Nov 22, 2001, 1:16 AM

qango

Enthusiast (706 posts)

Nov 22, 2001, 1:16 AM

Post #13 of 17

Shortcut

Re: [scottward] Parsing an XML feed In reply to

I'm still using LinksSQL 1.13 and assume the plugin for 2.x? If so, can I get a copy of the relevent parsing section of the code?

All the best
Shaun

Nov 22, 2001, 6:29 AM

scottward

Novice (30 posts)

Nov 22, 2001, 6:29 AM

Post #14 of 17

Shortcut

Re: [qango] Parsing an XML feed In reply to

It is for links SQL.. but here is the parsing code for mamma.com search engine....

Code:
# Parse Mamma HTML Results. 
    my @querylist=split(/\+/,$query); 
    my $word = ""; 
    $results =~ s,<!-- START LIST -->(.*?)<!-- END LIST -->,$1,s; 
    my $link_results = ''; 
    my $link_count   = 0; 
    while ($results =~ m,<!-- START ITEM -->(.*?)<!-- END ITEM -->,sg) { 
        my $link = $1; 
       my $bid = ""; 
       $link =~ m,000063>(.*?)</FONT>,mx; 
       my $num = $1; 
       $link =~ m,<br>(.*?)<br>,mx; 
       my $description = $1; 
       foreach $word (@querylist){my $boldword="<b>$word</b>"; $description =~ s/$word/$boldword/gei;} 
       $link =~ m,href="(.*?)">,mx; 
       my $redirect = $1; 
       $link =~ m,">(.*?)</a></b>,mx; 
       my $title = $1; 
       foreach $word (@querylist){my $boldword="<b>$word</b>"; $title =~ s/$word/$boldword/gei;} 
       $link =~ m,1>(.*?)</font>,mix; 
       my $url = $1; 
       foreach $word (@querylist){my $boldword="<b>$word</b>"; $url =~ s/$word/$boldword/gei;} 

Last edited by:

scottward: Nov 22, 2001, 6:30 AM

Nov 26, 2001, 9:06 AM

qango

Enthusiast (706 posts)

Nov 26, 2001, 9:06 AM

Post #15 of 17

Shortcut

Re: [scottward] Parsing an XML feed In reply to

Hi,

I've made a start:- installed XML::Parser, upgraded to perl 5.6.1 (to get expat.pm working) and cobbled the first bit of code to fetch an XML feed and parse it:

Quote:

my ($websearch);
use LWP::Simple;
$websearch = get("http://p.moreover.com/cgi-local/page?index_webdeveloper+xml");

if ($websearch) {
use XML::Parser;
my $xmlparse = new XML::Parser(ErrorContext => 2);
$xmlparse->parse($websearch);
print $xmlparse;

When printed, $xmlparse is as follows:
XML::Parser=HASH(0x83639d0)

I assumed that by using XML::Parser it would print out the data from each element within the XML document?
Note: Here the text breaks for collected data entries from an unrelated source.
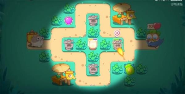 1.第一关开图右下角三个瓶子炮,其中一个两级,左上角一个两级瓶子炮,清中间的草,清完草建两个瓶子炮亮灯。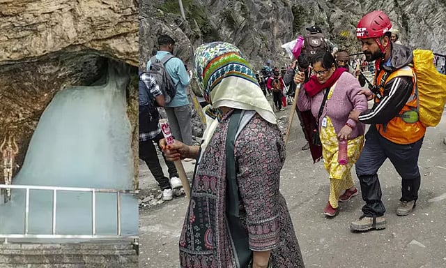 ஜம்மு- காஷ்மீரில் இமயமலையில் உள்ள அமர்நாத் குகைப்பகுதியில் இந்து மதக்கடவுள் சிவன் கோவில் உள்ளது. பனிசூழ்ந்த மலையில் இயற்கையாக உருவாகும் பனி லிங்கத்தை தரிசிக்க ஆண்டுதோறும் லட்சக்கணக்கான பக்தர்கள் யாத்திரையாக சென்று வருகின்றனர். இந்த ஆண்டுக்கான அமர்நாத் யாத்திரை கடந்த 3ம் தேதி தொடங்கியது. யாத்திரை தொடங்கிய நாள் முதல் தினமும் ஆயிரக்கணக்கான பக்தர்கள் பனி லிங்கத்தை தரிசனம் செய்து வருகின்றனர்.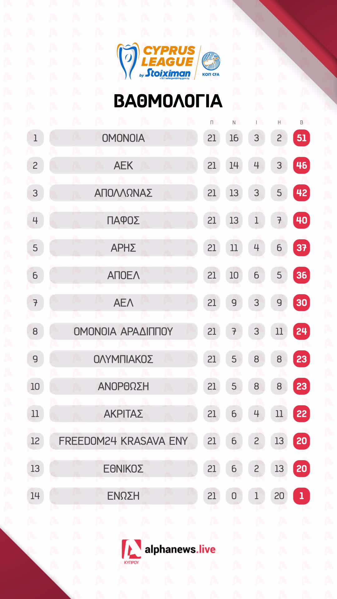 Σταθερά στην πρώτη θέση με «μαξιλαράκι ασφαλείας» παρέμεινε μετά την ολοκλήρωση της 21ης αγωνιστικής της Cyprus League by Stoiximan η Ομόνοια. Οι «πράσινοι» πέρασαν από το «Στέλιος Κυριακίδης» επικρατώντας με 4-2 της Πάφου, αφήνοντας τους περσινούς πρωταθλητές στο -11 από την κορυφή.
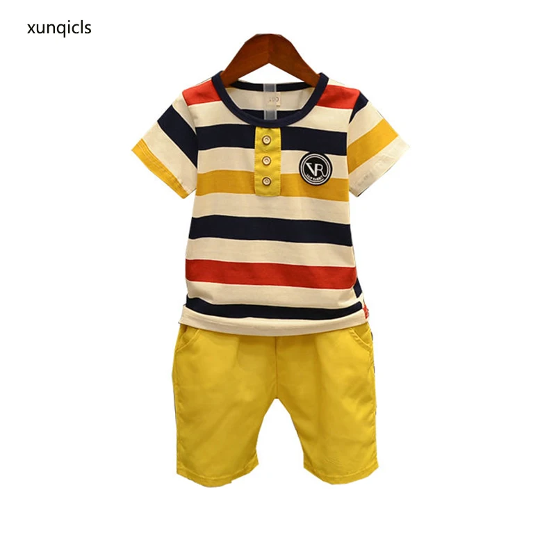 Новинка; Комплект летней одежды для мальчиков; Детская футболка + шорты; Комплект одежды из 2 предметов для мальчиков; Хлопковая детская одежда в полоску с короткими рукавами для мальчиков

I wasn't expecting the 'HASH' thingy!!

To really show my ignorance, what is a HASH and how do you covert it/break it down into readable/useable data strings, or even print out its contents? (I did search but gave up after a couple hours!)

I'm thinking that a sub routine to format the xml data would be useful and flexible for a variety of different feeds, and could be used to trigger formatting based on the xml tag that is being looked at.

I suppose what I'm really looking for is a simple breakdown of the xml data into its 'tag' and 'data', so I can format my output based on the items in the feed, e.g.;

if ($xml_tag = "<url>") {$xml_results .= $xml_data formatted as a URL}
if ($xml_tag = "<title>") {$xml_results .= $xml_data formatted for link title}

This way, if I change XML feeds I can simply update the 'triggers' to suit the new feed and the actual output I produce from the feed will remain the same.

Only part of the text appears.